> [Exercise objective]
Each line from the one containing "Kućica za psa" to the last line of the listing below is to be duplicated exactly, and no picture is to be carried over.
** Opening Data extract block **
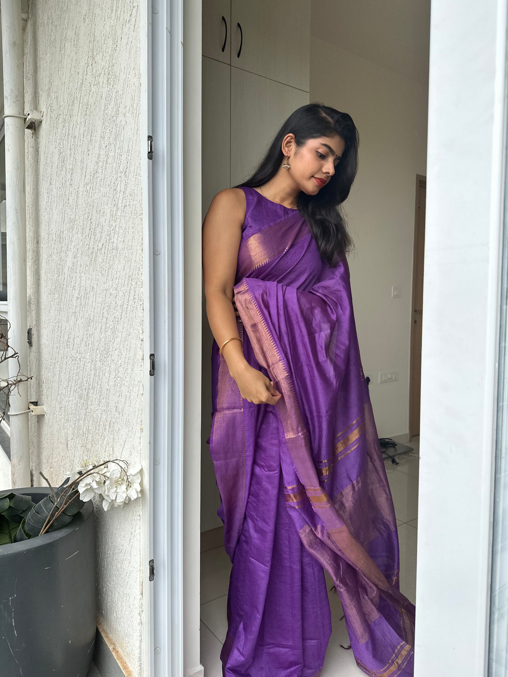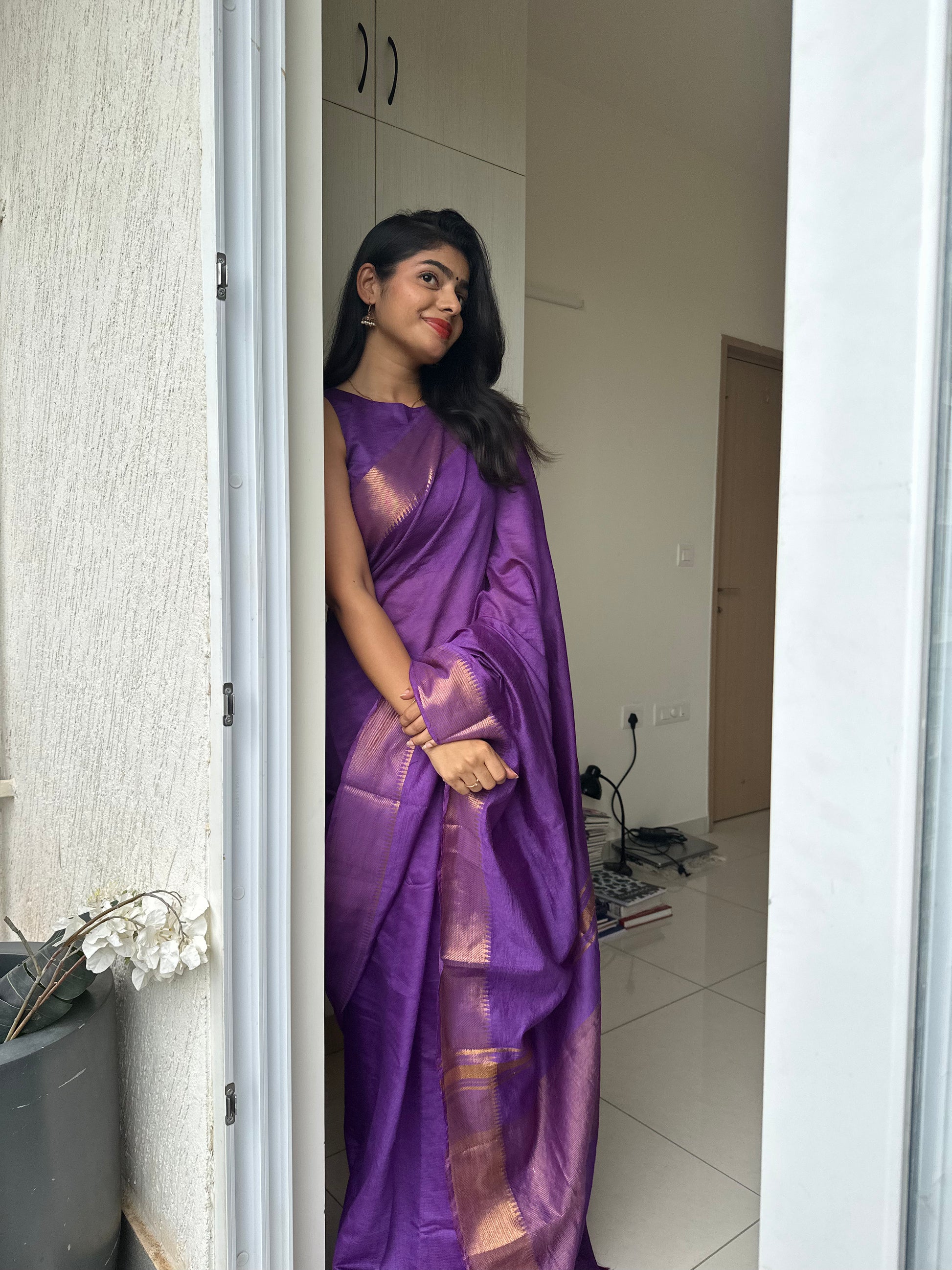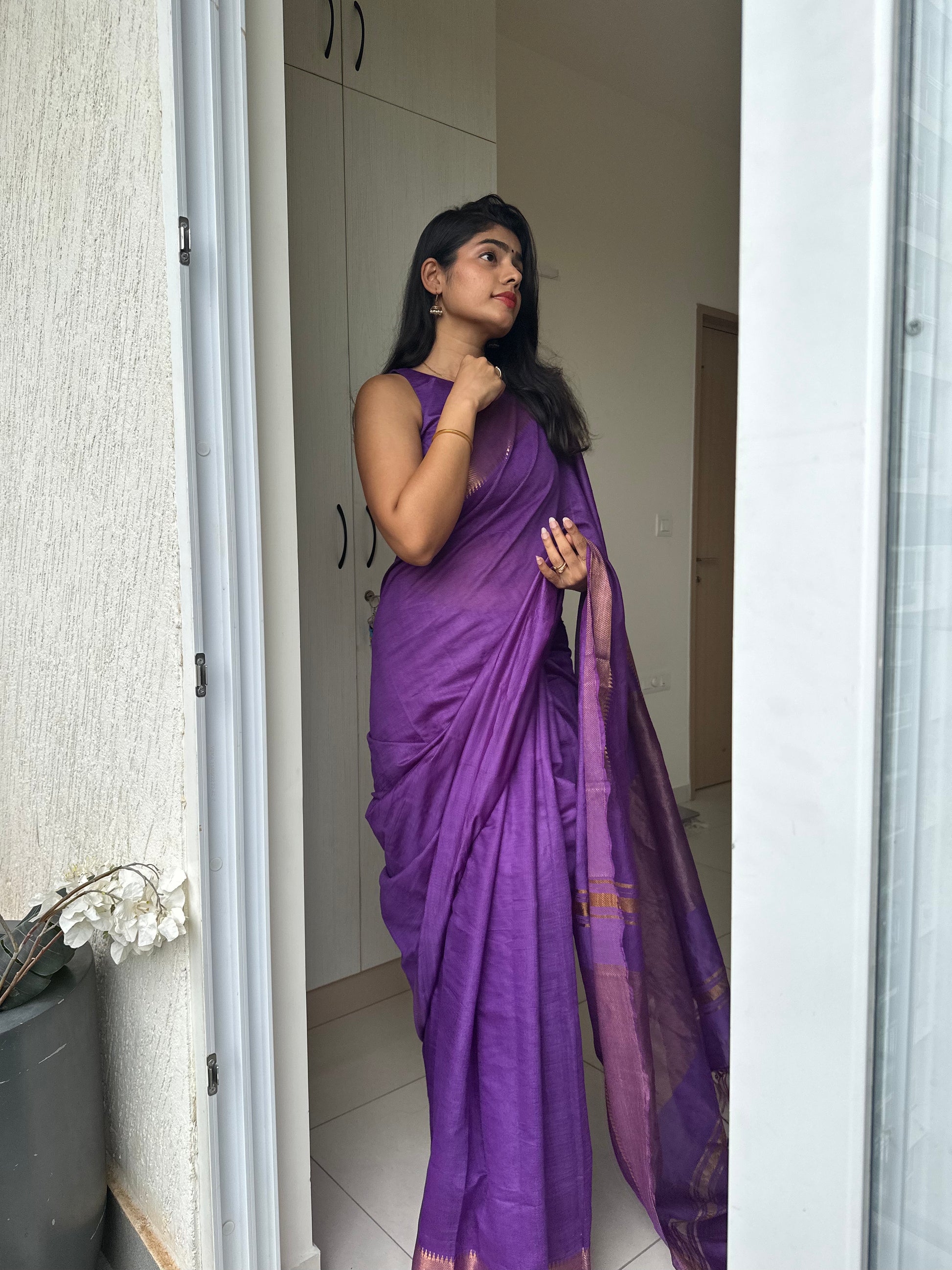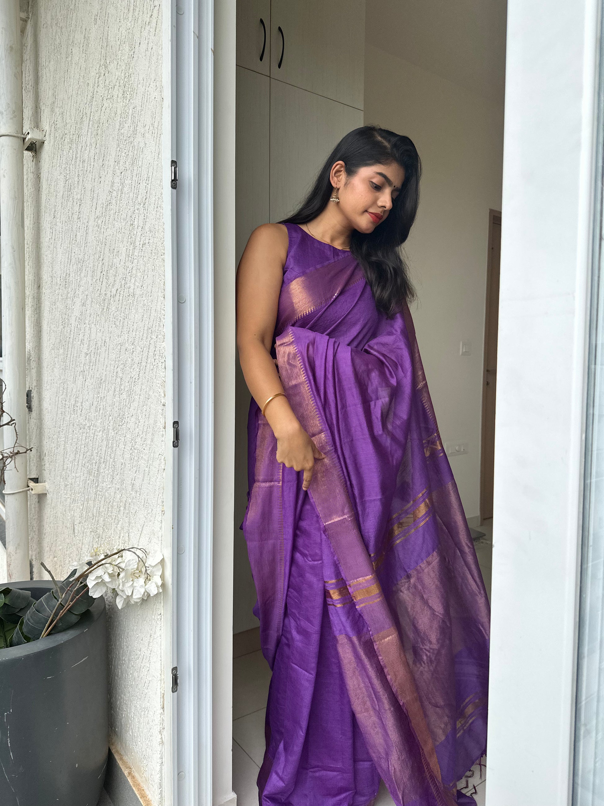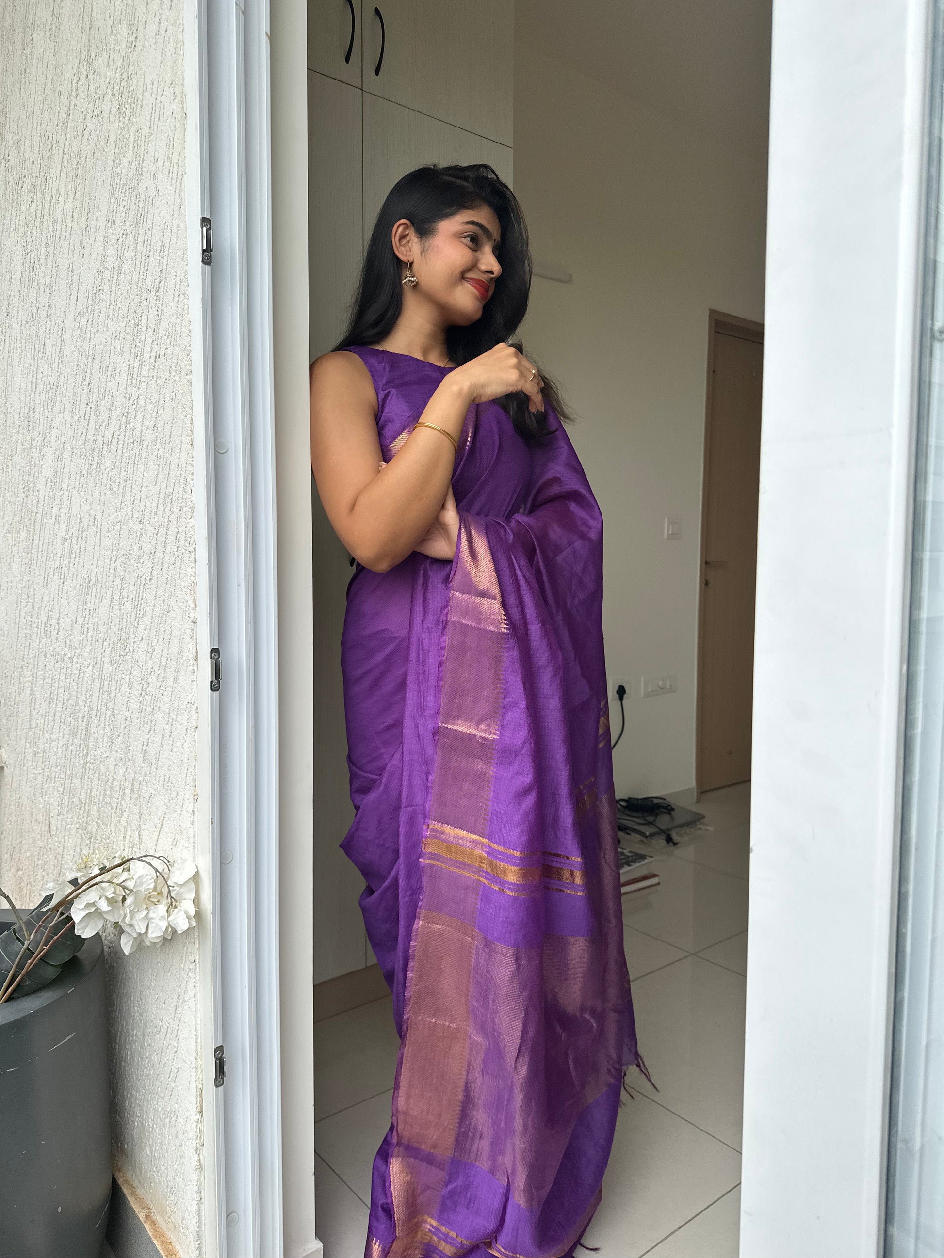 This mangalgiri silk saree has copper border running all throughout. It comes with a boat neck princess cut blouse that looks perfect.
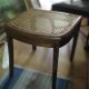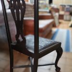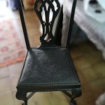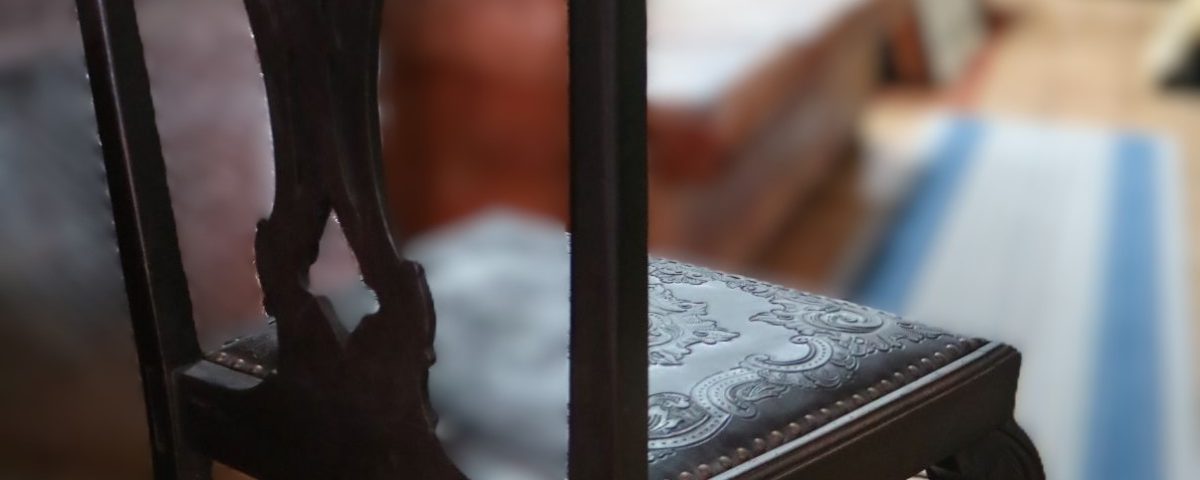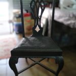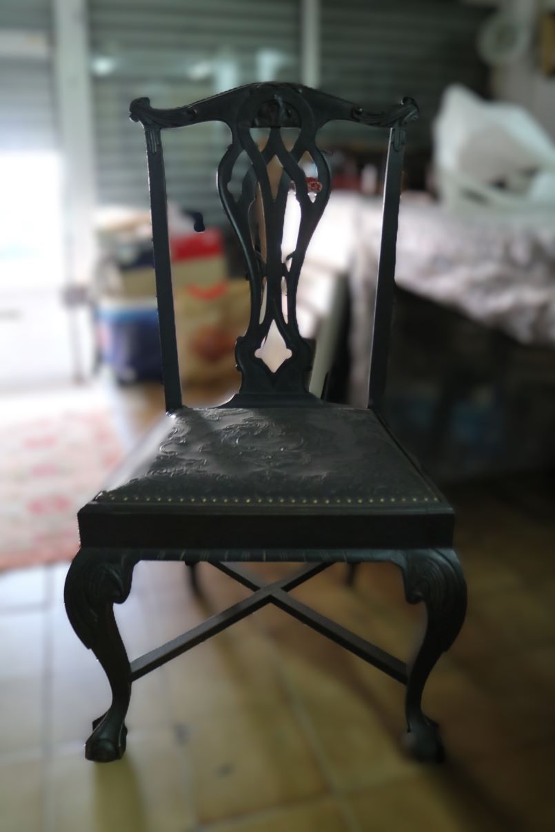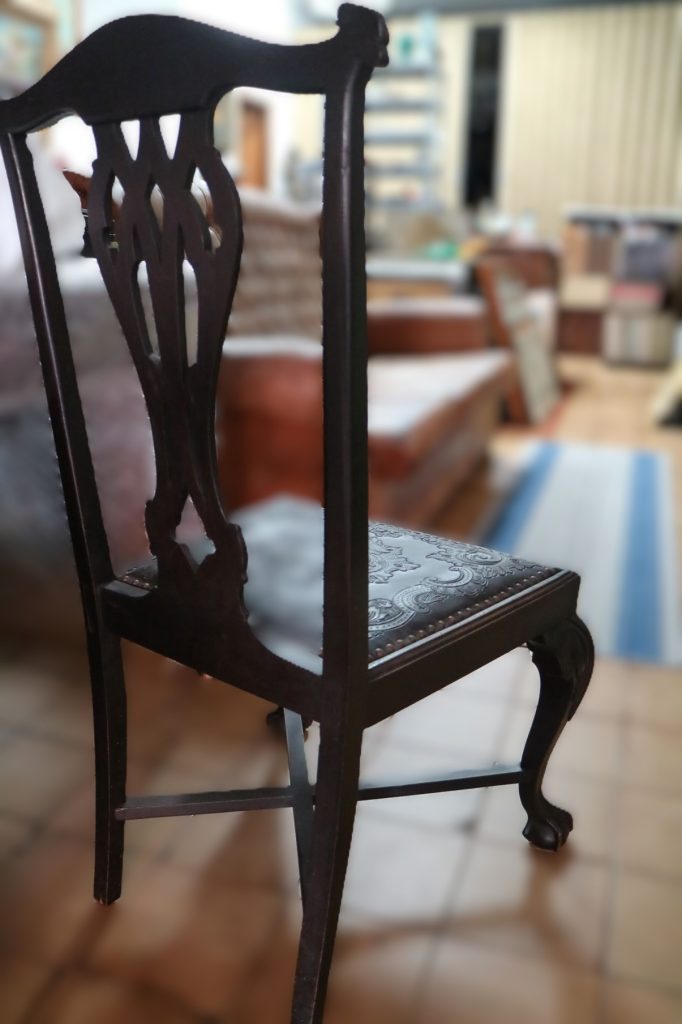 Cadeira em madeira escurecida ao estilo D. José, assento em couro lavrado e guarnecido com tachas em latão.
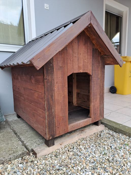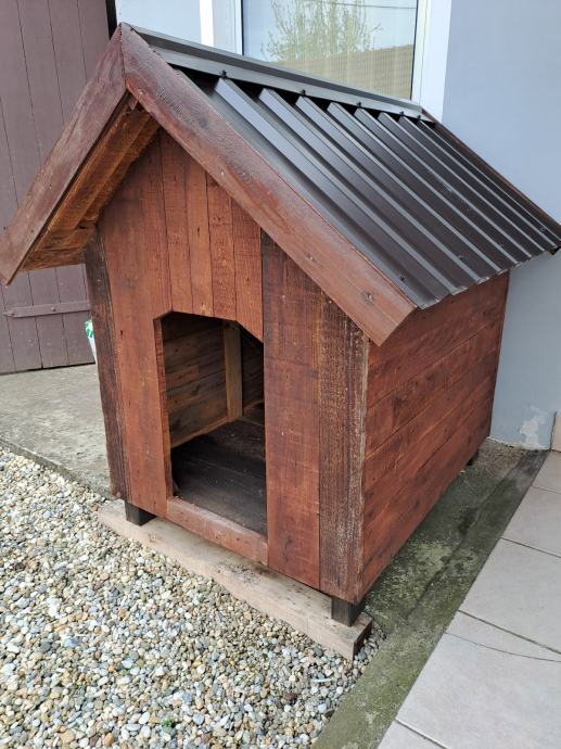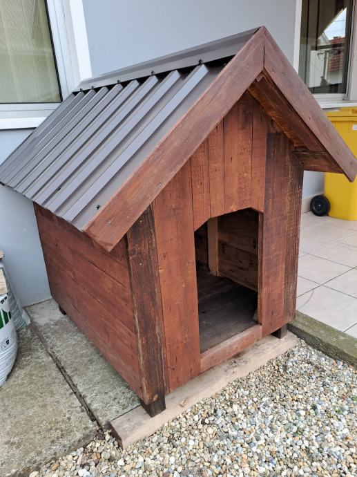 Kućica za psa većega, dimenzija: 100×80, napravljeny od daske i pokrivena osb pločama pa limom.
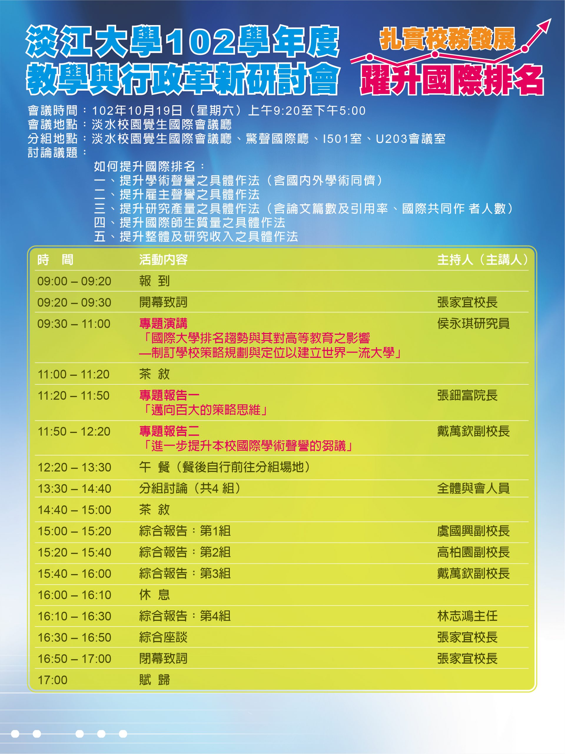 扎實校務發展,躍升國際排名 專題演講 國際大學排名趨勢與其對高等教育之影響—制訂學校策略規劃與定位以建立世界一流大學 專題報告 邁向百大的策略思維 專題報告 進一步提昇本校國際聲譽的芻見
** Closing Data extract block **
> [Written reply]
 Kućica za psa većega, dimenzija: 100×80, napravljeny od daske i pokrivena osb pločama pa limom.
 扎實校務發展,躍升國際排名 專題演講 國際大學排名趨勢與其對高等教育之影響—制訂學校策略規劃與定位以建立世界一流大學 專題報告 邁向百大的策略思維 專題報告 進一步提昇本校國際聲譽的芻見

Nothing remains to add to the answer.